Most Common Word

easy hash-map string counting

Problem

Given a paragraph and a list of banned words, return the most frequent word that is not in the banned list. The answer is guaranteed to be unique and words are case-insensitive.

Input

paragraph = "Bob hit a ball, the hit BALL flew far after it was hit."
banned = ["hit"]

Output"ball"

"hit" occurs 3 times but is banned; "ball" occurs 2 times (case-insensitive) and is not banned.

input

import re
from collections import Counter

def mostCommonWord(paragraph, banned):
    words = re.findall(r"[a-z]+", paragraph.lower())
    banned_set = set(banned)
    counts = Counter(w for w in words if w not in banned_set)
    return counts.most_common(1)[0][0]

function mostCommonWord(paragraph, banned) {
  const words = paragraph.toLowerCase().match(/[a-z]+/g) || [];
  const ban = new Set(banned);
  const counts = new Map();
  for (const w of words) {
    if (!ban.has(w)) counts.set(w, (counts.get(w) || 0) + 1);
  }
  let best = "", bestCount = 0;
  for (const [w, c] of counts) if (c > bestCount) { best = w; bestCount = c; }
  return best;
}

import java.util.*;
class Solution {
  public String mostCommonWord(String paragraph, String[] banned) {
    Set<String> ban = new HashSet<>(Arrays.asList(banned));
    Map<String,Integer> counts = new HashMap<>();
    String best = ""; int bestCount = 0;
    for (String w : paragraph.toLowerCase().split("[^a-z]+")) {
      if (w.isEmpty() || ban.contains(w)) continue;
      int c = counts.getOrDefault(w, 0) + 1;
      counts.put(w, c);
      if (c > bestCount) { best = w; bestCount = c; }
    }
    return best;
  }
}

#include <bits/stdc++.h>
using namespace std;
class Solution {
public:
    string mostCommonWord(string paragraph, vector<string>& banned) {
        unordered_set<string> ban(banned.begin(), banned.end());
        unordered_map<string,int> counts;
        string best, cur;
        int bestCount = 0;
        for (char &c : paragraph) c = isalpha(c) ? tolower(c) : ' ';
        stringstream ss(paragraph);
        while (ss >> cur) {
            if (ban.count(cur)) continue;
            if (++counts[cur] > bestCount) { bestCount = counts[cur]; best = cur; }
        }
        return best;
    }
};

Explanation

The goal is the most frequent word that is not banned. The clean way is to break the paragraph into plain words, ignore the banned ones, and tally the rest.

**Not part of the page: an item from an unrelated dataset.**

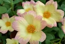丰花月季是蔷薇科、蔷薇属植物。灌木,高0.9-1.3米,小枝具钩刺或无刺、无毛,羽状复叶,小叶5-7片,宽卵形或卵状长圆形,长2.3-6.0厘米,先端渐尖,基部近圆形或宽楔形。具尖锯齿,无毛。…全部>>

First we lowercase the whole paragraph (the answer is case-insensitive) and use a regex [a-z]+ to pull out only letter-runs — this neatly strips punctuation like commas and periods.

We put the banned words into a set for instant membership checks, then count each remaining word in a hash map (Counter in Python). Finally we read off the word with the highest count.

Example: "Bob hit a ball, the hit BALL flew far after it was hit." with banned = ["hit"]. The word hit appears 3 times but is banned and skipped; ball appears twice (case-insensitive) and wins, so the answer is "ball".

Because each word is counted once and lookups in the set and map are constant time, this runs in a single pass over the text.

Time: O(P + B) Space: O(P + B)